Following the Hammers’ 1-1 draw with Leicester, Moyes joined the Sky Sports broadcast crew field-side at the London Stadium. While acknowledging it’s still early days in his tenure, Moyes knows he’s got very little time to build momentum after being appointed manager of a bottom-three side mid-season.

“I thought [the players] worked great in the second half, I think that’s why the crowd reacted so well. I think they are low in confidence. The results haven’t gone [well] and they’ve lost a manager. When it’s like that, it’s difficult. You need some things to go for you now and again.”

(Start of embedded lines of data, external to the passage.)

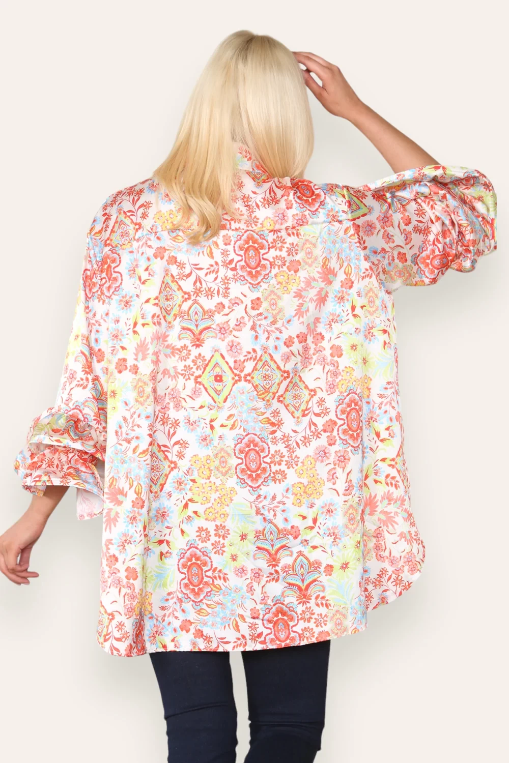 PUFF SLEEVE PRINTED SATIN SHIRT
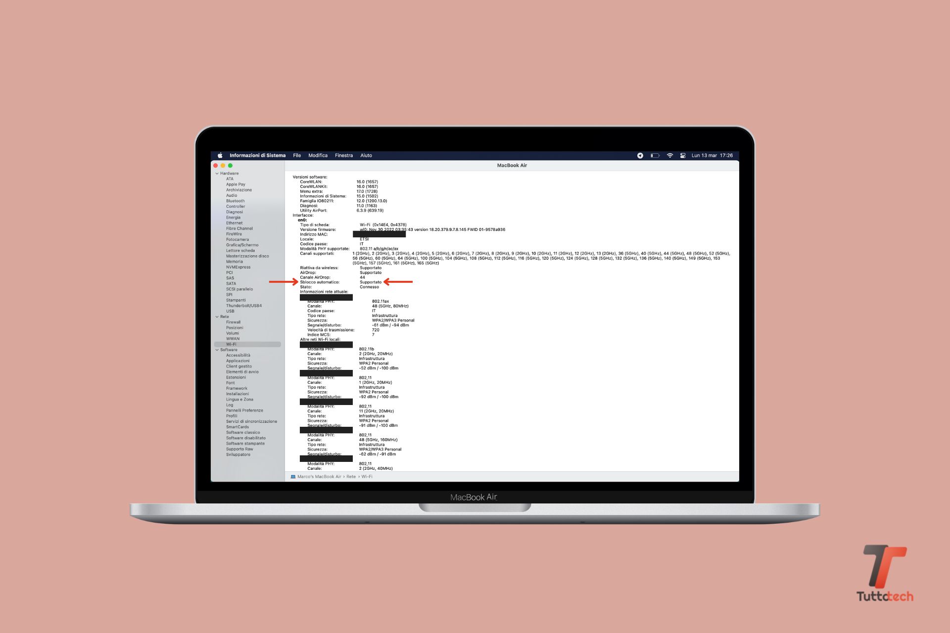 In teoria, qualsiasi modello di computer Mac della seconda metà del 2013 o successivo dovrebbe essere compatibile con la funzionalità ma è comunque meglio esserne sicuri, pertanto basta seguire il percorso “Apple > Informazioni su questo Mac > Rapporto di sistema > Informazioni su questo Mac > Rete > Wi-Fi” e controllare che nella sezione “Interfacce” risulti supportato lo sblocco automatico.
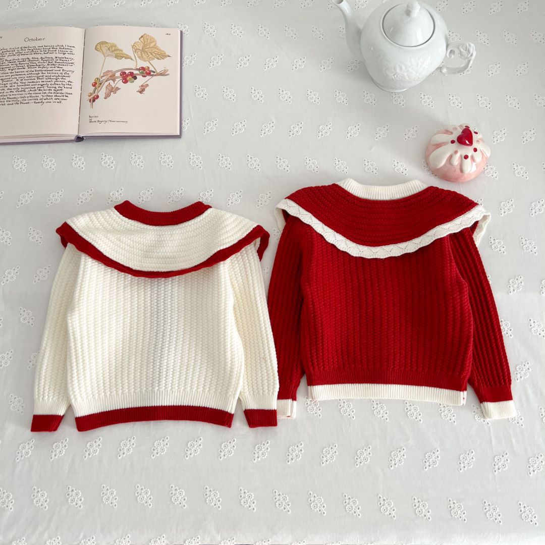 여자 달콤한 카디건 새로운 봄과 가을 아기 겉옷 니트 스웨터 큰 옷깃 스웨터 어린이 스웨터 코트 여성
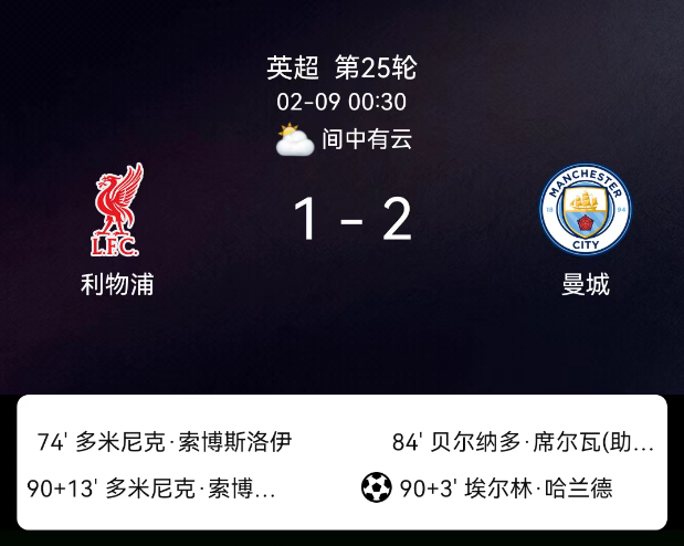 北京时间2月9日英超第25轮,利物浦对阵曼城。第74分钟索博斯洛伊破门1-0;第84分钟B席破门1-1;第90+3分钟哈兰德点射1-2;第90+13分钟索博斯洛伊红牌;无其他红黄牌。最终比分,利物浦1-2曼城。
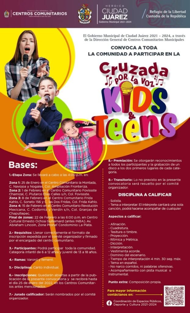 La Dirección General de Centros Comunitarios invita a la comunidad infantil a participar en la Cruzada por la Voz Kids & Teens. María Antonieta Mendoza Mendoza, titular de la dependencia, comentó que la Etapa Zona se llevará a cabo en diversas sedes del 25 de enero al 15 de febrero a las 16:00 horas.
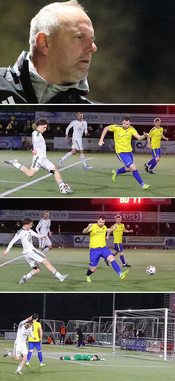 Hälfte zwei begann mit einem Paukenschlag: Trommler schnappte sich die Kugel im Mittelfeld, kurvte nach innen und nahm sich aus der zweiten Reihe ein Herz. Unhaltbar für Vollmer schlug das Leder im Giebel ein – die Führung für die Blau-Gelben, die allerdings danach in Passivität verfielen, wodurch sich die Equipe von Sascha Mühlmann Vorteile erarbeitete. Zuerst kam Nümbrecht noch mit einem blauen Auge davon, als Ali Can Gültekin eine Dabringhausen-Hereingabe völlig unbedrängt an die Querstange köpfte, doch kurz darauf war es so weit: Nach einem weiten Zuspiel von Vollmer wurde der Ball zu Dabringhausen weitergeleitet, der von halbrechts in den Strafraum eindrang und Schoepe mit einem Schuss ins kurze Eck düpierte – 1:1.Sollte der Ausgleich wiederum das Signal für Nümbrecht sein, wieder mehr zu investieren? Nein! Nachdem Florian Liebelts Versuch abgeblockt worden war (70.), resultierte einen weitere Co-Produktion von Peters und Dabringhausen – laut Mühlmann jeweils schon Kandidaten für eine Auswechslung – im 2:1. Dabringhausen bediente seinen Sturmpartner mit einem traumhaften Diagonalpass. Nach einer perfekten Annahme schlenzte Peters das Spielgerät in die Maschen.
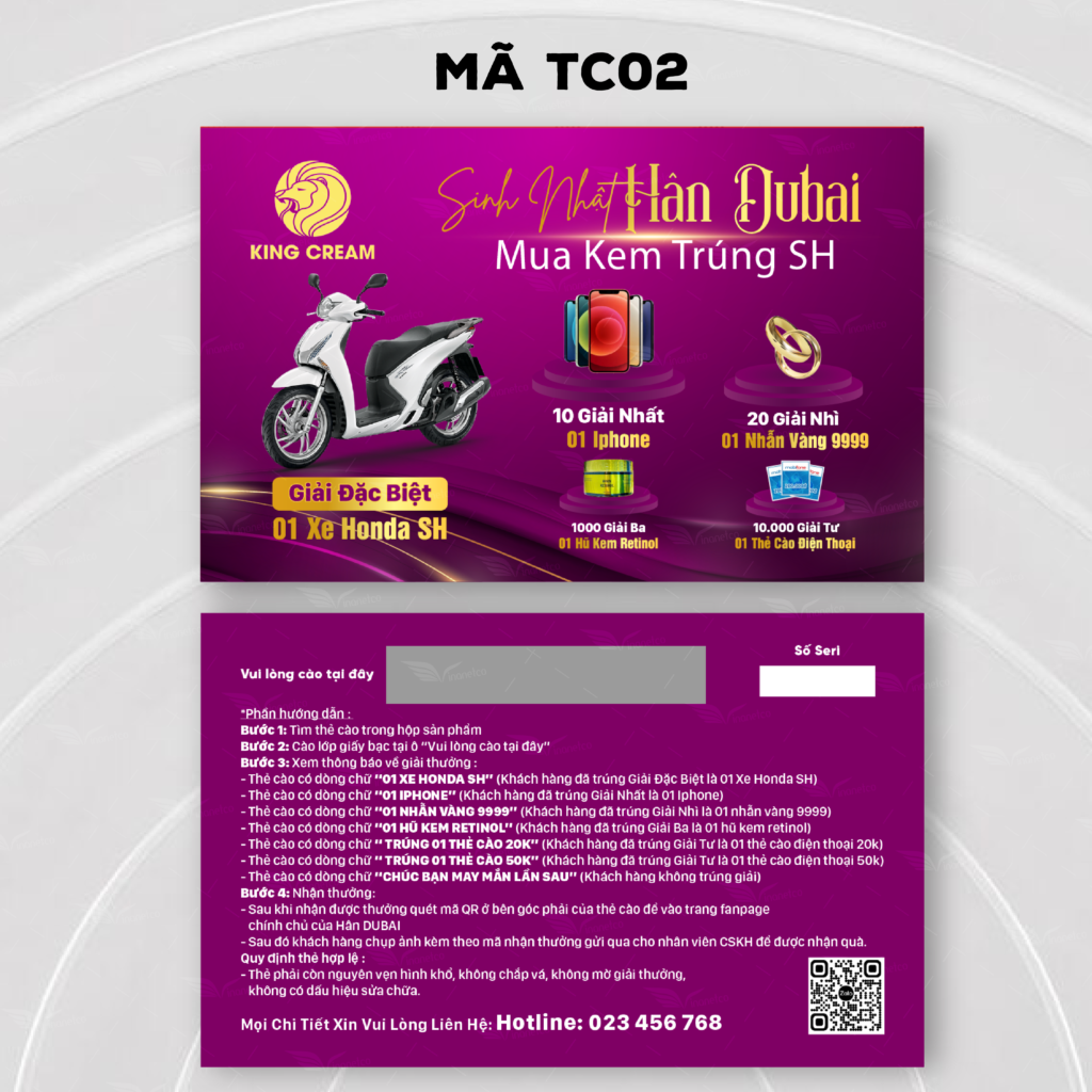 Số lượng ít khách hàng có thể mua decal dán cào để tiết kiệm hơn hoặc Vinanetco có hỗ trợ báo giá in ấn thẻ cào số lượng ít hoặc in thẻ cào với số lượng lớn ( offset ) , thiết kế làm trọn gói với giá thành hợp lý và tiết kiệm nhất
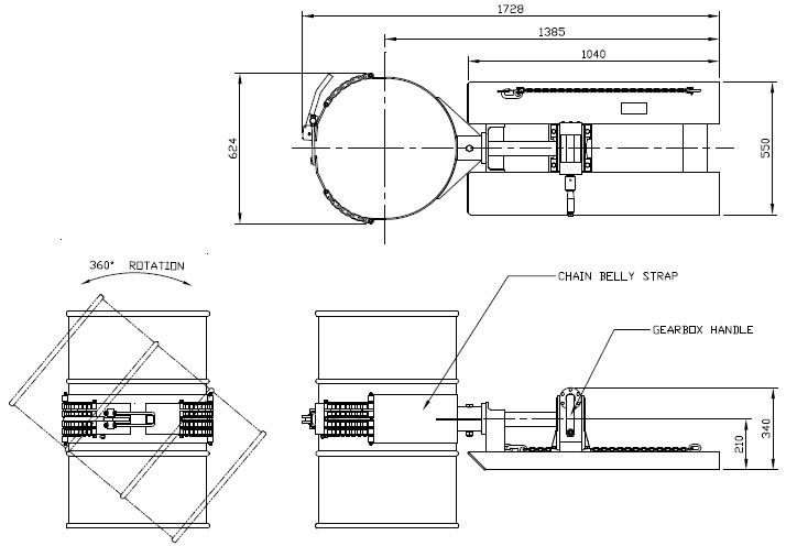 This unique rotator allows for sideways drum rotation without need for hydraulics.
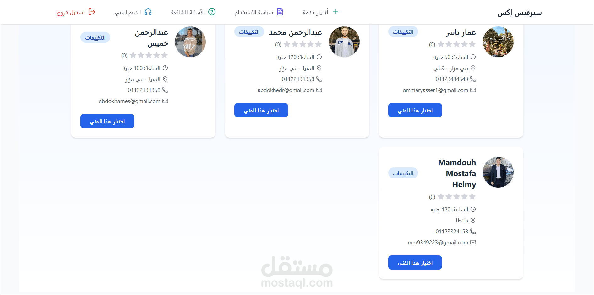 المنصة تربطك بأفضل الفنيين بحسب موقعك، مع عرض ملفاتهم المهنية وخبراتهم
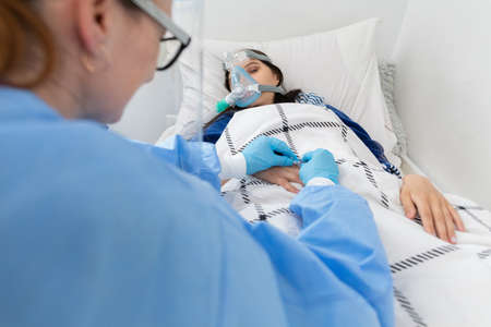 Doctor hazmat or protective suit helping to wear ventilation oxygen mask to covid infected difficulty in breathing to patient at hospital - Concept of dyspnea due to coronavirus lung infection.
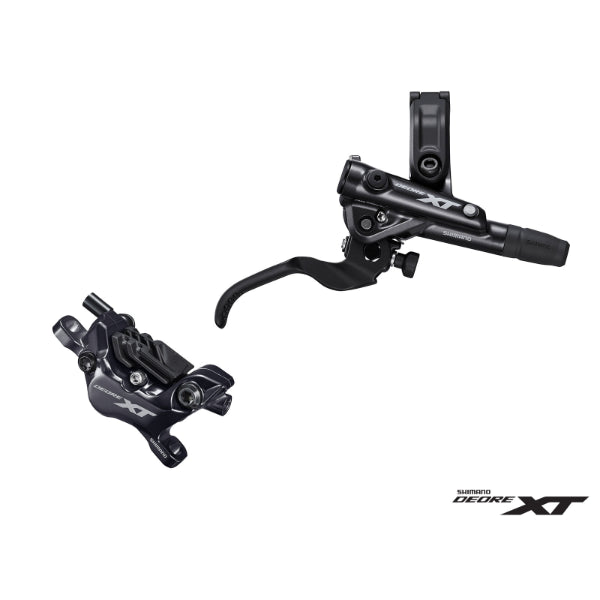 The Shimano Deore XT M8120 front disc brake set gives you bloody good quality braking power. The Deore XT M8100 right lever is perfect for a variety of flat bar bicycles but is aimed at mountain bikes. With the Shimano Deore XT Trail BR-M8120 Front Disc Brake & BL-M8100 Right Lever you'll experience Shimano's leading braking modulation resulting in more confidence in your riding.
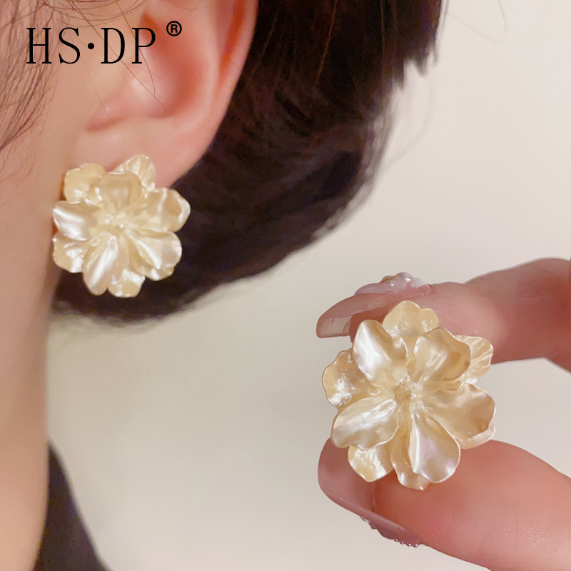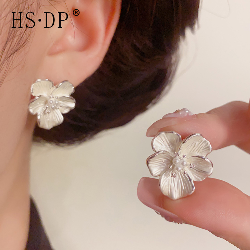 s925 シルバー針ファッション誇張薄塗りメタルフラワーイヤリング女性の個性ライト高級多用途デザインイヤリング
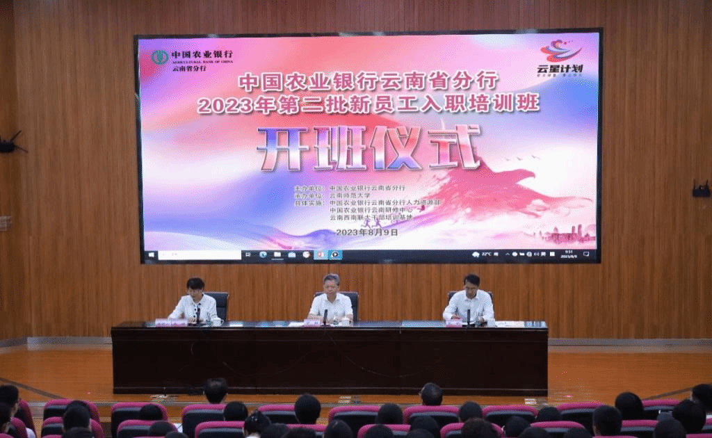 8月9日上午,由中国农业银行云南省分行主办,永利官网承办的“中国农业银行云南省分行2023年第二批新员工入职培训班”在呈贡校区汇学楼报告厅举行开班仪式。中国农业银行云南省分行党委委员、副行长高捍作开班动员及首场授课,永利官网党委副书记张玮致辞。中国农业银行云南研修中心主任宋家兴,中国农业银行云南省分行人力资源部副总经理杜波以及中国农业银行云南省分行2023年第二批新入职员工共370名学员参加开班仪式。仪式由云南西南联大干部培训基地执行主任匡锦主持。
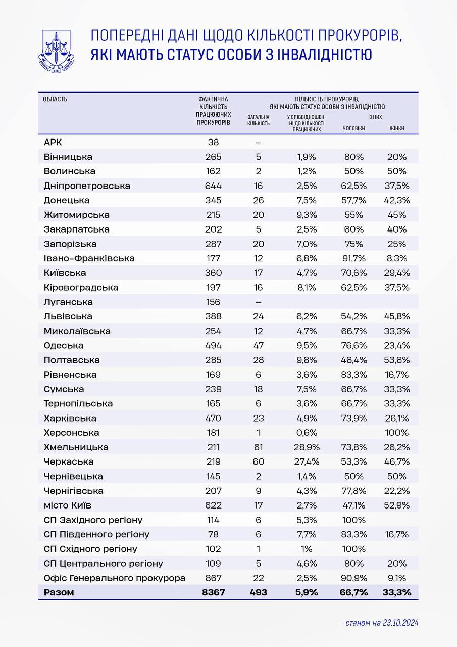 Високий відсоток прокурорів з інвалідністю виявлено у двох областях: йдеться не лише про Хмельницьку, а й про Черкаську.
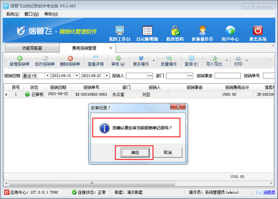 ????費(fèi)用報(bào)銷單保存審核后默認(rèn)不允許直接修改,但是部分客戶需要對已審核的費(fèi)用報(bào)銷單進(jìn)行修改,軟件支持反審費(fèi)用報(bào)銷單功能,如下圖所示。本篇文章介紹一下出納記賬軟件中如何設(shè)置操作員不允許反審費(fèi)用報(bào)銷單?

As for the Hammers’ most mercurial player, Marko Arnautovic, Moyes has taken a rather hardline approach with the Austrian attacker, and he believes it’s already paying dividends:

“I thought he played really well for us on Sunday, without getting an awful lot of praise for it. Everybody’s said that he hasn’t run, so I said to him, ‘If you don’t run, I won’t play you.’ So, he’s running [now.]

“I don’t think you want to play against Arnautovic if you’re a fullback, because he’s got power, he’s got pace. He probably prefers to play on the left-hand side, but at the moment we’ve got people who want to do that role, so we’re happy to play him on the opposite side. We want him to be a big player, [the club] spent big money on him. We need him to score goals, make goals. He helped us tonight.”